File typeSchemaDefault destination
CSV / delimitedAI infers field names and types from file contentPostgreSQL (usePostgres: true)
JSON (.json)Single field: _json (type string)MongoDB (useMongoDB: true)
XML (.xml)Single field: _xml (type string)MongoDB (useMongoDB: true)
JSON and XML files use a fixed schema because the pipeline stores them as raw documents — no column inference is needed. Valid AI-inferred types: boolean, int, bigint, float, double, string, date, timestamp

Example: CSV File

curl -X POST http://localhost:8080/api/v1/pipeline/generate \
  -H "x-api-key: your-api-key" \
  -F "file=@./stock_price.csv" \
  -F "pipeline=stock_price"
Response:
{
  "name": "stock_price",
  "source": {
    "schemaProperties": {
      "fields": [
        { "name": "symbol",    "type": "string" },
        { "name": "date",      "type": "string" },
        { "name": "open",      "type": "double" },
        { "name": "high",      "type": "double" },
        { "name": "low",       "type": "double" },
        { "name": "close",     "type": "double" },
        { "name": "volume",    "type": "int"    },
        { "name": "adj_close", "type": "double" }
      ]
    },
    "fileAttributes": {
      "csvAttributes": { "delimiter": ",", "header": true, "encoding": "UTF-8" }
    }
  },
  "destination": {
    "database": {
      "dbName": "DATABASE_NAME",
      "schema": "SCHEMA_NAME",
      "table": "TABLE_NAME",
      "usePostgres": true
    }
  }
}
Replace DATABASE_NAME, SCHEMA_NAME, and TABLE_NAME with real values, then register the pipeline:
curl -X POST http://localhost:8080/api/v1/pipeline \
  -H "Content-Type: application/json" \
  -d '<paste response here>'

Example: JSON File

curl -X POST http://localhost:8080/api/v1/pipeline/generate \
  -H "x-api-key: your-api-key" \
  -F "file=@./events.json"
Response:
{
  "name": "events",
  "source": {
    "schemaProperties": {
      "fields": [
        { "name": "_json", "type": "string" }
      ]
    },
    "fileAttributes": {
      "jsonAttributes": { "everyRowContainsObject": false, "encoding": "UTF-8" }
    }
  },
  "destination": {
    "database": {
      "dbName": "DATABASE_NAME",
      "table": "TABLE_NAME",
      "useMongoDB": true
    }
  }
}

Configuration

AI schema generation is disabled by default.
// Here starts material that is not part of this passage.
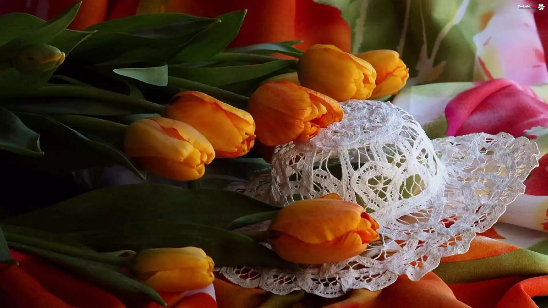 Kwiat Pomarańczowe, Tulipany, Koronkowy, Kapelusz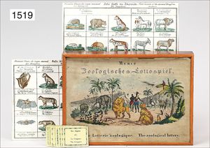 BIEDERMEIER, "Neues Zoologisches Lottospiel", 10 handcoloured plates, labeled in 3 languages, with small cards with writing, original wooden box, cover picture was colored by hand

To enable it: application.yaml (or docker/config/application.yaml for Docker deployments):
ai:
  enabled: "true"
  provider: "anthropic"       # anthropic or openai
  aiSecretName: "oss/anthropic"
Vault secret (stored at secret/<aiSecretName>):
vault kv put secret/oss/anthropic \
  endpoint="https://api.anthropic.com/v1/messages" \
  model="claude-sonnet-4-6" \
  apiKey="sk-ant-..."
For OpenAI:
vault kv put secret/oss/openai \
  endpoint="https://api.openai.com/v1/chat/completions" \
  model="gpt-4o" \
  apiKey="sk-..."
The Vault secret must contain three keys:
KeyDescription
endpointThe AI provider API URL
modelThe model name to use
apiKeyThe API key for authentication
The pipeline reads the secret at startup. If ai.enabled: true and the secret is missing or any key is absent, startup will fail with a descriptive error.

Supported Providers

Providerprovider valueAuth header
Anthropic Claudeanthropicx-api-key + anthropic-version: 2023-06-01
OpenAIopenaiAuthorization: Bearer
Any other value for provider will cause startup to fail with an unsupported provider error.